AW: We’re working on our 3-year strategy now, so I can’t say too much just yet but what an environment we are working in. Digital content of all kinds and at all stages in the research lifecycle has context and meaning. The scholarly record is rapidly changing and diversifying and includes everything from lab notebooks to preprints to dynamic databases, interactive resources, knowledge graphs and more. How do you preserve an entire online global ecosystem in which scholars collaborate, discover, and share new knowledge?
ATG: We understand that CLOCKSS is jointly governed and funded by libraries and publishers. Since organizational success requires collaboration between the stakeholders, can you give us examples of how the libraries and publishers in the CLOCKSS community work together to ensure success?
AW: Absolutely! One example is that there is a virtuous pull from libraries on publishers. By championing the importance of long-term preservation, and including requirements in agreements with publishers for deposit of content in archives such as CLOCKSS, libraries initiate digital preservation in many ways. Publishers do the heavy lifting of supporting authors and ensuring the content they publish is formatted well, richly linked with other objects in the scholarly ecosystem, and described through metadata. Publishers ensure this content is backed up, and they also deposit the content with archives such as CLOCKSS or open up a pathway for us to harvest this. The library and publishing communities come together to fund the preservation services we provide, and to jointly govern the CLOCKSS archive. Library expertise then delivers the long-term digital preservation services at the heart of our operation. It’s far more affordable and efficient to collaborate than for any library, consortium, or publisher to do all of this themselves.

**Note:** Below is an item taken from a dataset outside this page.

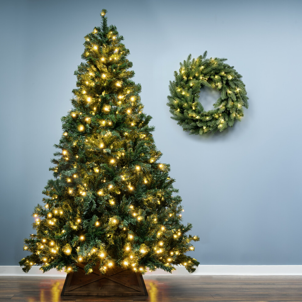 (8ft) Pre-lit PE/PVC Outdoor Pine Tree with warm white lights | Christmas Tree World

ATG: Alicia, you recently celebrated your first year as CLOCKSS’ Executive Director. Can you share your impressions so far? Are there specific organizational strengths that can be built on? Have you detected any weaknesses that need to be addressed? Did anything surprise you during this first year?
AW: My predecessors, Vicky Reich, Randy Kiefer, and Craig Van Dyck, left the organization in a strong state and the technical team at Stanford is really innovative and impressive. We’ve got a dedicated community of supporting libraries and participating publishers. There are some incredible strengths on which to build. We need to communicate and engage more, particularly with libraries, with book publishers, and with stakeholders in the global south. We’ve got some exciting new projects now underway with partners, for example looking at ways to systematize the preservation of open access content and to better align with the changing nature of digital scholarship. We need to do more with copyright issues and the long-term preservation of eBooks: authors are essential stakeholders and perhaps not always aware of the steps taken to preserve their works for posterity. Archiving practices need constant reflection too, and particular challenges at present include increased global tension and also the climate crisis.

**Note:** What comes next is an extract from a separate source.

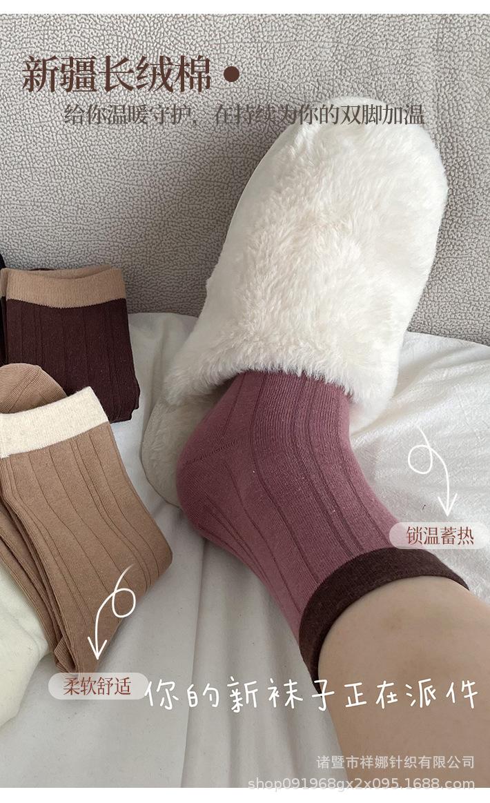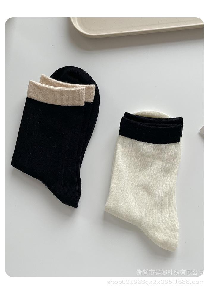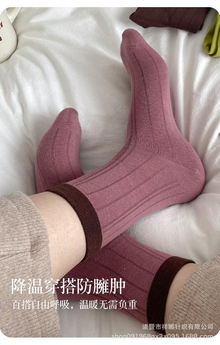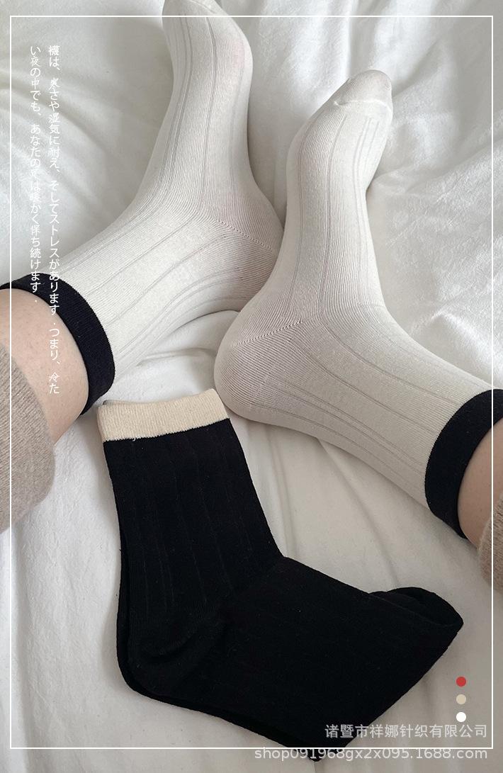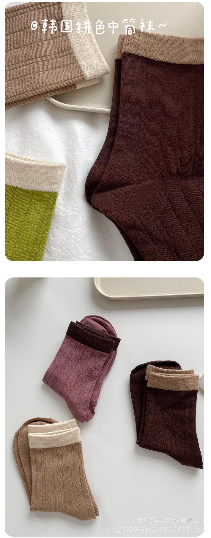 Calcetines de Color Sólido Estilo Ins Calcetines de Media Caña para Mujer Primavera, Otoño y Verano Color Contrastante Estilo Japonés Lindo Transpirable Algodón Rizo Calcetines

ATG: This first year with CLOCKSS must have been both exciting and very hectic. But everyone needs to decompress and get recharged. Are there any favorite activities that you particularly enjoy? Are there any special hobbies that provide both fun and relaxation?

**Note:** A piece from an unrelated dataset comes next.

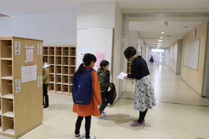 受付玄関の様子(何級はどこの教室と、先生に教えてもらい移動します)

AW: Ha! I’ve gone a little crazy on this front since the Covid lockdowns. My son says I’m doing all of the side quests. I experimented with the Appalachian dulcimer and really love playing it, but am finding it lonely as I’ve got no one to play with so my newest thing is a beginner’s singing class. We are practicing “Can’t Help Falling in Love” by Elvis to start. I’m aiming to try singing improv for the first time later in the year, but would frighten foxes away just at the minute. There’s definite room for improvement!